1. Field
This disclosure relates to signal coincidence detection circuits.
2. Description of Related Art
In analog circuits it is often desirable to determine when two signals are coincident. For purposes of this disclosure, coincidence (or signal coincidence) means that two (or more) voltage signals have substantially the same voltage amplitude at substantially the same point in time. For instance, such (signal) coincidence may be established when the signals being compared are all within a certain range relative to each other (e.g., within a certain percentage or within a certain difference in amplitude). For instance, in a particular embodiment, two signals may be considered to be coincident if they have voltage amplitudes that are within 100 mV of each other. The 100 mV difference may be termed a “coincidence band” or “band of coincidence.” In such an embodiment, a voltage signal of 2.9 V would be considered to be coincident with a voltage signal of 2.95 V, while the signal of 2.9 V would not be considered coincident with a voltage signal of 2.85 V. As is known, such signal coincidence may be determined using a signal coincidence detection circuit.

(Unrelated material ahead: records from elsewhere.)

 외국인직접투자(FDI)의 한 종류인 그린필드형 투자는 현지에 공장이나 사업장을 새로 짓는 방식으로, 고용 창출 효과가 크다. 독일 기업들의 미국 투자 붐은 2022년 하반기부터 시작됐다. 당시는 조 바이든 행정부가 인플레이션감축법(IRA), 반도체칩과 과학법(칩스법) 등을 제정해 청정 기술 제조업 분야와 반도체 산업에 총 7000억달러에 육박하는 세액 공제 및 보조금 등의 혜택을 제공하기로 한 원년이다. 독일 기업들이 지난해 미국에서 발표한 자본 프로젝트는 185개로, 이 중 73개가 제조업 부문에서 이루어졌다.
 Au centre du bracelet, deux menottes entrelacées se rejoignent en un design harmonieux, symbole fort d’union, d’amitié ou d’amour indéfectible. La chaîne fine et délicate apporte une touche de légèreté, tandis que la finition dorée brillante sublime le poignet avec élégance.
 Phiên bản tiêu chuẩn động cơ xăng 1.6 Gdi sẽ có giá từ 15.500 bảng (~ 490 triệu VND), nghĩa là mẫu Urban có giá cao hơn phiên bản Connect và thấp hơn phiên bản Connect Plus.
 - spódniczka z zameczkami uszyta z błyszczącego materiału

An example application for such signal coincidence detection circuits is their use to determine “lock” of bandgap reference circuits. Bandgap reference circuits are known and will not be described in detail here. Briefly, however, bandgap reference circuits are used to provide stable voltage references in low-voltage circuits (e.g., ˜1.2 V). Additionally, bandgap reference circuits may be used to provide local biases in very large scale integrated circuits. Local biases generated by such bandgap circuits are desirable because they are not substantially affected by ambient noise or transient signals. Bandgap circuits are feedback circuits where a reference signal is applied and a feedback signal is generated based on the reference signal. The bandgap circuit is considered to be “locked” when the feedback signal is coincident (e.g., within a band of coincidence) with the reference signal. As indicated above, such coincidence may be determined using a signal coincidence detection circuit. However, current approaches for implementing such signal coincidence detection circuits have certain drawbacks.

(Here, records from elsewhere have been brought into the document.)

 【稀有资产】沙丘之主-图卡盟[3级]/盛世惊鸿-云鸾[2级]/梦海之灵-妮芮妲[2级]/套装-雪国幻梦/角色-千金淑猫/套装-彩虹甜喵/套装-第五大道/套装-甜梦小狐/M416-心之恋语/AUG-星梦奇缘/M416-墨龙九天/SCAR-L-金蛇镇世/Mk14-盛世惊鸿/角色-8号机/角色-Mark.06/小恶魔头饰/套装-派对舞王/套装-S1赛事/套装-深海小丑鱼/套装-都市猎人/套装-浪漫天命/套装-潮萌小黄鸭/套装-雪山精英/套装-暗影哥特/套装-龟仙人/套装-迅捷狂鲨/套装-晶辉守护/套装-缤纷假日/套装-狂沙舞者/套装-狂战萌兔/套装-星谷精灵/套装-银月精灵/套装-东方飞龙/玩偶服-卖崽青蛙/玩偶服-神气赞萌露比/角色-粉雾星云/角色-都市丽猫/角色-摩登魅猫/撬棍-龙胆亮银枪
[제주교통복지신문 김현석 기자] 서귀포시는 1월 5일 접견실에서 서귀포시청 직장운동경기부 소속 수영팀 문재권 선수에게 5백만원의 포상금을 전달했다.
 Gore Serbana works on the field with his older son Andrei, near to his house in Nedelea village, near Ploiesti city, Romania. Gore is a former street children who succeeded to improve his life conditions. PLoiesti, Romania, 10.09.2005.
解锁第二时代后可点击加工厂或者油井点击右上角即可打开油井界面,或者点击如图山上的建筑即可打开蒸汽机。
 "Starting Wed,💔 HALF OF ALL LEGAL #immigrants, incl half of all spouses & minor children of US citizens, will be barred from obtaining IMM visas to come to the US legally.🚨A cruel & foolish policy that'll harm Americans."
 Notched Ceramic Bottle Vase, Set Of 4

For instance, current embodiments of signal coincidence detection circuits are fairly complicated analog circuits (e.g., including fifty or more transistors). Such circuits include a series of comparators, where shifts in the threshold of the comparators are used to establish a coincidence band for the signals being compared by the circuit. Such signal coincidence detection circuits also include logic circuitry that is used to determine coincidence between signals of interest (e.g., a reference signal and a feedback signal of a bandgap reference circuit) based on signals that are generated by the series of comparators from the signals of interest. However, because of their complexity, such signal coincidence detection circuits have relatively high power dissipation, may operate slowly and are difficult to design.

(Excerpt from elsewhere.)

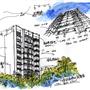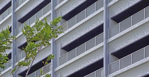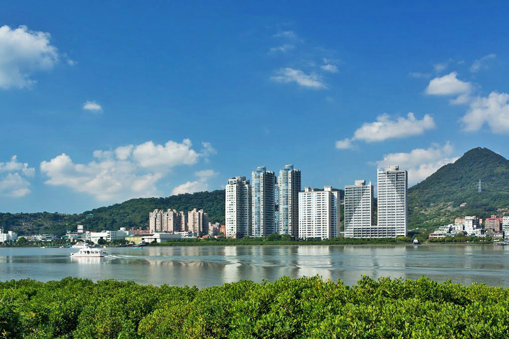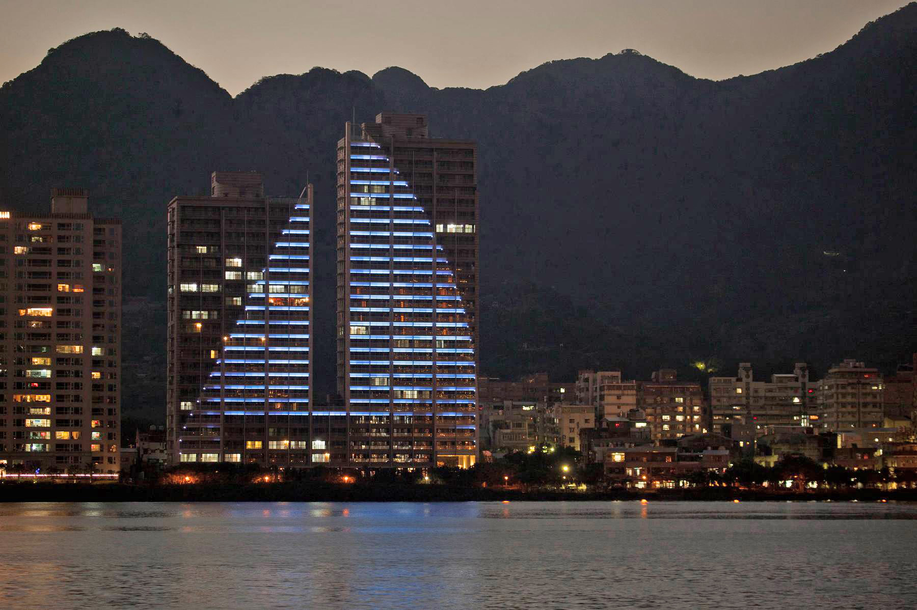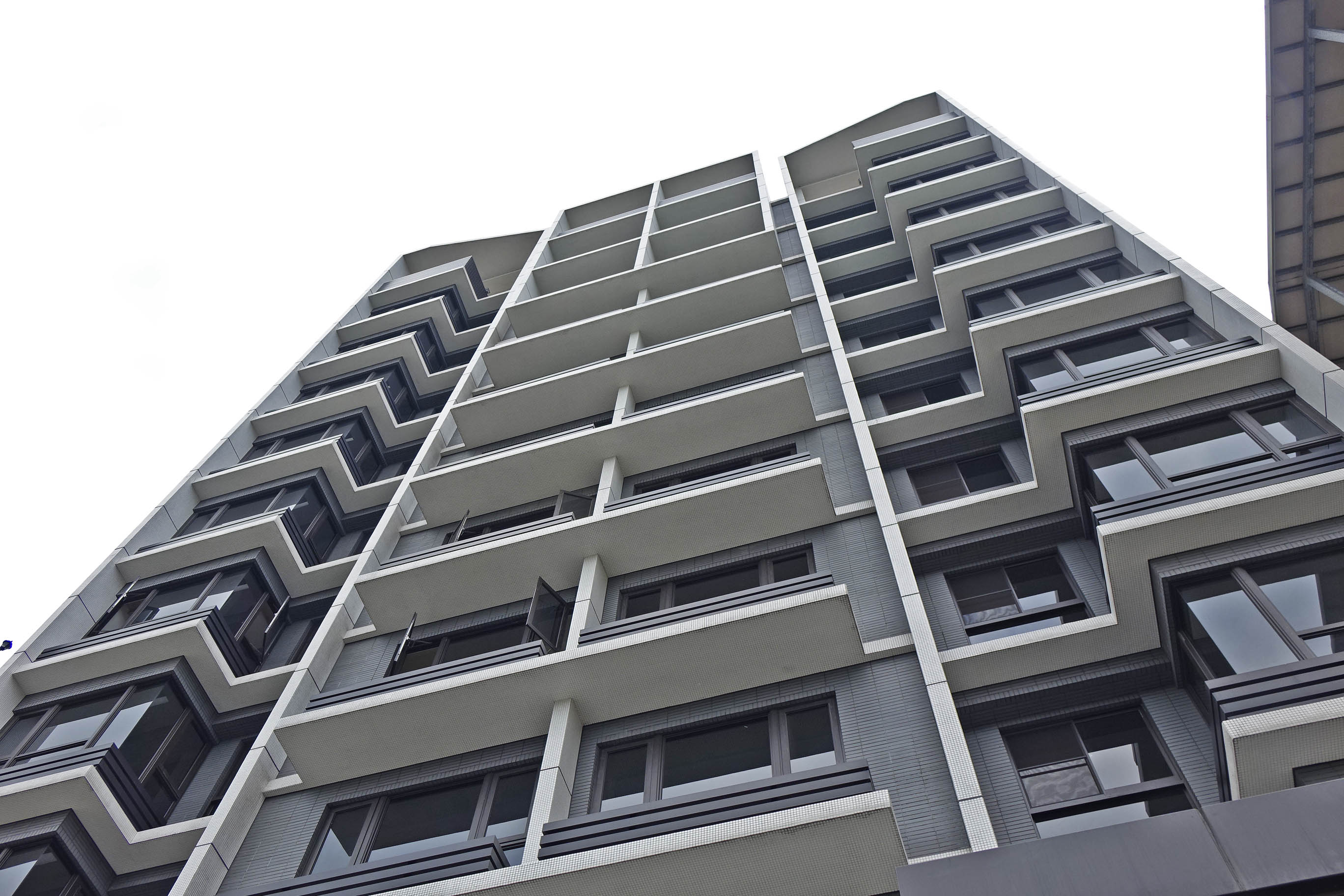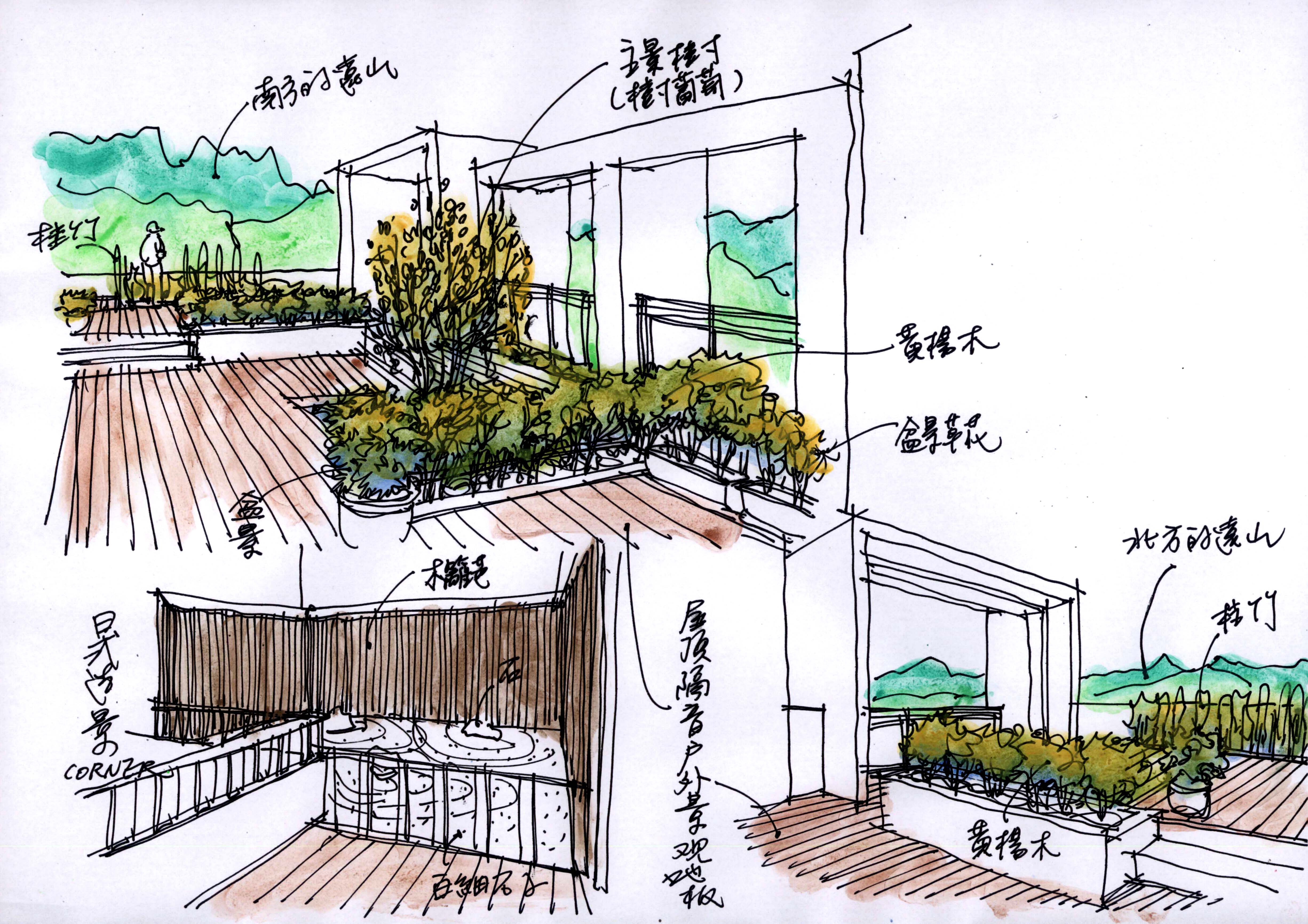 A:佛朗明哥案是事務所很早期的設計,當其在設計施工時我仍在學校就讀尚未畢業,對於這個案子的內容,我便代替事務所全體來回答。這案子坐落在正面面對三芝淺水灣的山坡地上,後側與左右三面環山,在開發者在商言商一定必須將容積用完的狀況,如何降低建築物量體對環境的衝擊便是重要課題。因此平面配置上將前排與後排建築盡可能拉開間距並且互相交錯,各棟建築呼應山勢變化樓層數有高有低,高樓層建築逐層退縮露台,並在立面上做出較多進退面的效果。以上作法,達到讓建築群從外往內看呈現如同自然山勢的高低變化,從內往外看亦兼顧休閒住宅面對海景的機會。

Furthermore, it may be desirable to establish a threshold voltage for coincidence detection (e.g., a voltage level below which coincidence of signals being compared will not be indicated) so that coincidence of the signals being compared that occurs below the threshold voltage is not indicated. In such an approach, additional circuitry is needed for setting such a threshold. Such threshold circuitry thus further increases the design complexity and power dissipation of such circuits. Based on the foregoing, alternative approaches for implementing such signal detection circuits are desirable.
The foregoing examples of the related art and limitations related therewith are intended to be illustrative and not exclusive. Other limitations of the related art will become apparent to those of skill in the art upon a reading of the specification and a study of the drawings.